I've been really disappointed by the way the Android Developer Challenge has unfolded. I don't blame anyone in particular for this... Google is free to run it however they want, and I'm sure all the judges they've tapped have very busy lives without this being added to the list. Still, it's a shame to see what could have been such a great kick-start to the developer community generate so much ill-will.
This whole post is VERY inside-baseball, so if the preceding paragraph doesn't make sense, save yourself and skip the rest.
Any developer will tell you that they've gained something from the challenge, regardless of whether they've won or not. Speaking personally, it has focused and incented me to spend a lot of time learning the APIs, grokking its quirks, and getting valuable experience writing apps that behave well. All of this has made me a better programmer, and possibly helped build a stronger resume. So, in a very grade-school sense, I have "won". (In every other sense, not so much.)

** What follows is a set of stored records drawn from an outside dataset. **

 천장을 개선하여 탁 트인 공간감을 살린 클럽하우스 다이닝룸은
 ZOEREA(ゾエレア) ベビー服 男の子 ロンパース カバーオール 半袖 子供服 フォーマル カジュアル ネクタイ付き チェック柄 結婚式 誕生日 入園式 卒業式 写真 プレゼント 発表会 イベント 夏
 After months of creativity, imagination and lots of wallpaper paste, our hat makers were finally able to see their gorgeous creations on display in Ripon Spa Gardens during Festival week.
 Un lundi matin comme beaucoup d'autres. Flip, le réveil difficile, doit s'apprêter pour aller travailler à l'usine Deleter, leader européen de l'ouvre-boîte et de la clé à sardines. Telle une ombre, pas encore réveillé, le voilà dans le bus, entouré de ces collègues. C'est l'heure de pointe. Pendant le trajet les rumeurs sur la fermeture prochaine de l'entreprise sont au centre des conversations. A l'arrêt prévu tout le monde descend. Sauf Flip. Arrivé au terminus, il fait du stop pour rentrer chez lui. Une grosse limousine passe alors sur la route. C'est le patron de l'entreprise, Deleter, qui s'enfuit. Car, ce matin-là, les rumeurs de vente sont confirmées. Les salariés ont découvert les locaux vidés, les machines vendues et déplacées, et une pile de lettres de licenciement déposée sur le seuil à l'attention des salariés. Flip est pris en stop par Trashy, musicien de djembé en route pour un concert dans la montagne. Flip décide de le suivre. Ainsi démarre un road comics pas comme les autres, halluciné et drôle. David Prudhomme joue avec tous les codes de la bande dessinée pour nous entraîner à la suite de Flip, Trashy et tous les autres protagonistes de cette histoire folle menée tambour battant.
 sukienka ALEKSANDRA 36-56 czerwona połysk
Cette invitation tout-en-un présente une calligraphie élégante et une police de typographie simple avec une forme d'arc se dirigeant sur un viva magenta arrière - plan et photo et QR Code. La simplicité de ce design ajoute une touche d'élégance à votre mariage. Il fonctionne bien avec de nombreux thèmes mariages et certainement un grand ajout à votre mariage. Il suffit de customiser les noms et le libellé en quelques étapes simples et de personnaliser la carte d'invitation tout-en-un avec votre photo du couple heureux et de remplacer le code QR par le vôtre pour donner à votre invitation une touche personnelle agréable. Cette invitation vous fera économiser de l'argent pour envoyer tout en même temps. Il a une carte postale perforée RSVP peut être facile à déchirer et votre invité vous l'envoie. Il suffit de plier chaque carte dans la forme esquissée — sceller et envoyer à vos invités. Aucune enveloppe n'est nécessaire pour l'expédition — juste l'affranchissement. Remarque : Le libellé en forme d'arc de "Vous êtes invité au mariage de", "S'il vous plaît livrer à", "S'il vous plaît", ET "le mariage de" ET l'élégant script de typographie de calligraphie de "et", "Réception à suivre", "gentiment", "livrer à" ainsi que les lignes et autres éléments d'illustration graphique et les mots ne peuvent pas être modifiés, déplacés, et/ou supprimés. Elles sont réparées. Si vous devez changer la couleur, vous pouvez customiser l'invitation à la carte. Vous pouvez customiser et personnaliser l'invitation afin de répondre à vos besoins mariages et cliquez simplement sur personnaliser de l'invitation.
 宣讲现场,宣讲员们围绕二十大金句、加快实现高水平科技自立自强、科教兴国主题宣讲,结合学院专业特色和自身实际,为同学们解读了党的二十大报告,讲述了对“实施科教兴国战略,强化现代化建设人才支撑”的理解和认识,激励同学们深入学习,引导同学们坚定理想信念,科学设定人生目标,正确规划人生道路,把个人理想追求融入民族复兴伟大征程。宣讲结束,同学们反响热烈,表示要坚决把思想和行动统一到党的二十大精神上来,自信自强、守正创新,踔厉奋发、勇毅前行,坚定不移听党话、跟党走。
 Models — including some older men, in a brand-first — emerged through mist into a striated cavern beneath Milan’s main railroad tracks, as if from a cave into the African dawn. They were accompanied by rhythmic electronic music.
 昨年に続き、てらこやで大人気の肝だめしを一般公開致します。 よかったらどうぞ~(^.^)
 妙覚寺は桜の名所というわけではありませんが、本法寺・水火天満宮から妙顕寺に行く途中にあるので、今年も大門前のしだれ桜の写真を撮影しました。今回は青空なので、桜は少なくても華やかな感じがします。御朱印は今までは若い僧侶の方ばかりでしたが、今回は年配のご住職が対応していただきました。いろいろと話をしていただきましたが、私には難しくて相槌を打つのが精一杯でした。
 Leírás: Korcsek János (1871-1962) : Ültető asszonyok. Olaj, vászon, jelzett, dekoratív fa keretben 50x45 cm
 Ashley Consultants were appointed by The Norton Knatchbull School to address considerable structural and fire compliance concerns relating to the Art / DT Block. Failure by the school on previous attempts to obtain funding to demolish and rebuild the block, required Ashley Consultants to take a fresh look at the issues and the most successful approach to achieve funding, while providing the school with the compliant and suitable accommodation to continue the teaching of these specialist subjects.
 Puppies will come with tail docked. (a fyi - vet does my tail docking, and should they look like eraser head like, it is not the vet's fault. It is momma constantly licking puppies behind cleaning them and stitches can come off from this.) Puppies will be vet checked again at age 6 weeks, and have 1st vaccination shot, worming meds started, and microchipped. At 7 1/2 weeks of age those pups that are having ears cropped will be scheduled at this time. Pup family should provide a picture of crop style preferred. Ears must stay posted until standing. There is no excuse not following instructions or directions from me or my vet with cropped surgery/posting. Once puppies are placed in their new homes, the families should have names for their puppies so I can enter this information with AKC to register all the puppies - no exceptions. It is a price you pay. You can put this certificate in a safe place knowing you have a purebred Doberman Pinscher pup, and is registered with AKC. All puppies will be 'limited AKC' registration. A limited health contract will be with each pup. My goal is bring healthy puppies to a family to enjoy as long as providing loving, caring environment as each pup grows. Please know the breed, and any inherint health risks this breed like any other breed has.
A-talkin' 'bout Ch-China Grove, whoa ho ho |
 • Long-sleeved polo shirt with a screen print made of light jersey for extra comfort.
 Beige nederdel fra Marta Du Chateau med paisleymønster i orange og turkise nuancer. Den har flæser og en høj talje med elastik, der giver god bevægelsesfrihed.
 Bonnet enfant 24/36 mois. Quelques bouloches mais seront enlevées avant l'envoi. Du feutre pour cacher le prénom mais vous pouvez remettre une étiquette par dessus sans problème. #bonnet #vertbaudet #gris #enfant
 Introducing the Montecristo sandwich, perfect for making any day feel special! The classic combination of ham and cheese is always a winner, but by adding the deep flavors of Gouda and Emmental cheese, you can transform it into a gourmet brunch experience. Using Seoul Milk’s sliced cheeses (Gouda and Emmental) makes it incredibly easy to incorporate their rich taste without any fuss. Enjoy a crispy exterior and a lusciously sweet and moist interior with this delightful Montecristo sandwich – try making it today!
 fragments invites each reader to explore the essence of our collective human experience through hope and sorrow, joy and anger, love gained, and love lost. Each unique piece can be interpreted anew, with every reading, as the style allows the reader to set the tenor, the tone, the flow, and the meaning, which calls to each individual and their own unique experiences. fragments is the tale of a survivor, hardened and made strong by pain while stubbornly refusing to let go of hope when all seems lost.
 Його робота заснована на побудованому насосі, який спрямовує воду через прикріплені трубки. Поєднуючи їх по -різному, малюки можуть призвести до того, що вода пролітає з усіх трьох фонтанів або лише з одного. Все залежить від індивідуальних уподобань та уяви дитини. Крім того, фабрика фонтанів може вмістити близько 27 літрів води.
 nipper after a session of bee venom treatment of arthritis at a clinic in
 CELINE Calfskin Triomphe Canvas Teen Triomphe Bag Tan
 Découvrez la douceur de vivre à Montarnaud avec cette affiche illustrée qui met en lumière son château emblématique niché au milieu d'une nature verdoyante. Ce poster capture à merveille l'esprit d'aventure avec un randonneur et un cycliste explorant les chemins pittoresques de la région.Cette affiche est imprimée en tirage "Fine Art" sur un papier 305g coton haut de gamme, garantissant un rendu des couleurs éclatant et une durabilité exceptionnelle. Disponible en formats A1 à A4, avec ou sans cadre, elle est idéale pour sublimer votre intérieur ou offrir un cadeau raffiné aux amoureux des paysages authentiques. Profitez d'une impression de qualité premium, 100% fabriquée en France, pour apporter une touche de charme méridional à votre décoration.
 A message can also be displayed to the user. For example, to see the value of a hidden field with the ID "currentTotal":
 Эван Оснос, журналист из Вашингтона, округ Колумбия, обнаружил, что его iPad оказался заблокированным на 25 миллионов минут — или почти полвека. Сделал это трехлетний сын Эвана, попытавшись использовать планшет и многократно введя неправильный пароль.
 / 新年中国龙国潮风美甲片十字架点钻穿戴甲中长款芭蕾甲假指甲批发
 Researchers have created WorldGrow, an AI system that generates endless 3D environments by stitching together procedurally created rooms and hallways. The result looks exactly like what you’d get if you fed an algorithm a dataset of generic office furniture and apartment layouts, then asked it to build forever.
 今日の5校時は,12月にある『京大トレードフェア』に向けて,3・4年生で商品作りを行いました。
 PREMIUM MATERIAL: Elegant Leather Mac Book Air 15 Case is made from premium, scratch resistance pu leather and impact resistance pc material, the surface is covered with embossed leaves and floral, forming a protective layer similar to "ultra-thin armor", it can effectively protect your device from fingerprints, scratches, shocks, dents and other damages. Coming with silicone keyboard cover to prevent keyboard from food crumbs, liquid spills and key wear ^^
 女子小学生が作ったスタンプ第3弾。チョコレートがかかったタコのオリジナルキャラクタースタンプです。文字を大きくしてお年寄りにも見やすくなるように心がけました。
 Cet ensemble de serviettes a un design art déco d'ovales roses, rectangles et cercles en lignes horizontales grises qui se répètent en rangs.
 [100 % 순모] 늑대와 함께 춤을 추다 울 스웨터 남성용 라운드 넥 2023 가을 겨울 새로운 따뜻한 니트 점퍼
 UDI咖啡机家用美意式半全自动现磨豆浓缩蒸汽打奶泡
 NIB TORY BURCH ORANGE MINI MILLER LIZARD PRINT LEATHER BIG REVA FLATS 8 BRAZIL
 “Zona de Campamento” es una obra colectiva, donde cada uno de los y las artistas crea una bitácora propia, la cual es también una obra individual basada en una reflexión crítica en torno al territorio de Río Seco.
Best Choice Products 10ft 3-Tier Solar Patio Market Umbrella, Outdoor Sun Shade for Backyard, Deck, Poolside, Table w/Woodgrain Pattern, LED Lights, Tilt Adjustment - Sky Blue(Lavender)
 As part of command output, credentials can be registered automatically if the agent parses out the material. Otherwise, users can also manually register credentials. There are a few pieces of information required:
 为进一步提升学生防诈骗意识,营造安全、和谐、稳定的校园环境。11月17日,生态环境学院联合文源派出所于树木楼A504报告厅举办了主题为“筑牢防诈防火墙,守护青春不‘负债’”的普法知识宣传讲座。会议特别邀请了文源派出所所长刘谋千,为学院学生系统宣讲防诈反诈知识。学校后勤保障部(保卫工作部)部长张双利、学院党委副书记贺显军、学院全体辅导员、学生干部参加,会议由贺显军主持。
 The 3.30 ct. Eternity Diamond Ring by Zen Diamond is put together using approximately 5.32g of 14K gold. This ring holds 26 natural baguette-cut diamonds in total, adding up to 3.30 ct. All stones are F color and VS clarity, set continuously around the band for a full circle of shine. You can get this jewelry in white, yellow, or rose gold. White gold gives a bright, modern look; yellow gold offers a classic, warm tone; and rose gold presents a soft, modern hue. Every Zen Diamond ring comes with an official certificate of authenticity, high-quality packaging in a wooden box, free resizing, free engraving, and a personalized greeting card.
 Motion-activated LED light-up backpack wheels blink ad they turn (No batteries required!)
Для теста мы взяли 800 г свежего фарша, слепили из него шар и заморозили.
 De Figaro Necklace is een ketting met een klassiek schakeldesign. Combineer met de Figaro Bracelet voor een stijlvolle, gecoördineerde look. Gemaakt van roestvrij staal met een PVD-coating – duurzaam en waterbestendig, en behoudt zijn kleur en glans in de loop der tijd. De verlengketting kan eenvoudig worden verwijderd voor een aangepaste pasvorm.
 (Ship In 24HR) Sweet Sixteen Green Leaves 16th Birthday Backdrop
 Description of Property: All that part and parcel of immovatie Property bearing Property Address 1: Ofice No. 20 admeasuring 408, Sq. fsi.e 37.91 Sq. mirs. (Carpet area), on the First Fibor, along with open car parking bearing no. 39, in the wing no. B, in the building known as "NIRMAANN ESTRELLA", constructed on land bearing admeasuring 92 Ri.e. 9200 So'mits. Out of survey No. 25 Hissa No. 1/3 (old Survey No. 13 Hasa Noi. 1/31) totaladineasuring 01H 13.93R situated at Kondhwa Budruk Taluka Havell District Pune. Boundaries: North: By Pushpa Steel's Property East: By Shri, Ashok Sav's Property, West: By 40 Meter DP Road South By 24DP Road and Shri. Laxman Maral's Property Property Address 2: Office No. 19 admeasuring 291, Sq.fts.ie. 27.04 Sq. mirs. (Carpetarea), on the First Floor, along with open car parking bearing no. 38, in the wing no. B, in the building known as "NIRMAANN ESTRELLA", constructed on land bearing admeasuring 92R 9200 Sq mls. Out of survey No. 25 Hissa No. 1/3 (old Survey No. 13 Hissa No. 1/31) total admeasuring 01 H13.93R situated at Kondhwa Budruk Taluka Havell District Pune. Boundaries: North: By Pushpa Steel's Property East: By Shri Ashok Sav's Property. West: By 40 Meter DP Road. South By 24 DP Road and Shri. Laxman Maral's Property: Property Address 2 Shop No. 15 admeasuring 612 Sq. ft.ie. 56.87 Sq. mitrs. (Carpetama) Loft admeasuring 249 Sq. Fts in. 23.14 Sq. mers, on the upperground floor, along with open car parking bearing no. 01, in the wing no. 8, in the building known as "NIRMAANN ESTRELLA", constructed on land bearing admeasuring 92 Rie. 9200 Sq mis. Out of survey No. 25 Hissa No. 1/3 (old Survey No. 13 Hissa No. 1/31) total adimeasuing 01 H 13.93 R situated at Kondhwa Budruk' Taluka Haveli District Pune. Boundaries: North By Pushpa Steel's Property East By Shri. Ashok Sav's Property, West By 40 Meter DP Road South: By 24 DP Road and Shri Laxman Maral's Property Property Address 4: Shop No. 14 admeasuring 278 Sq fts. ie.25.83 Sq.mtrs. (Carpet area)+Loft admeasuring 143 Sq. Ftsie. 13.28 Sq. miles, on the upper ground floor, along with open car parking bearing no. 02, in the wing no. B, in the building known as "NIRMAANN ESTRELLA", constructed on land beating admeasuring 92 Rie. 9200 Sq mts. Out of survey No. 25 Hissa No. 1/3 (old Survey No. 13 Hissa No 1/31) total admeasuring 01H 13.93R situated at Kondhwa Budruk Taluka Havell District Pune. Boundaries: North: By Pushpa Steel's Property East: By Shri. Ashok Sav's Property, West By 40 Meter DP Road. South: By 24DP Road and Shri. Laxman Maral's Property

That said, the motivation at the front of people's minds has been to, y'know, really win the contest, meaning a selection as one of the 50 finalists. While I would have downloaded the SDK and played around with it, I probably would not have invested as many hours as I did without the added motivation of the contest.
While the details of the contest have always been a bit hazy, Google clearly established four criteria by which applications would be judged: originality, polish, indispensability, and demonstration of Android features. These were announced early enough that developers wrote their apps with those criteria in mind, focusing on them when making design and implementation decisions.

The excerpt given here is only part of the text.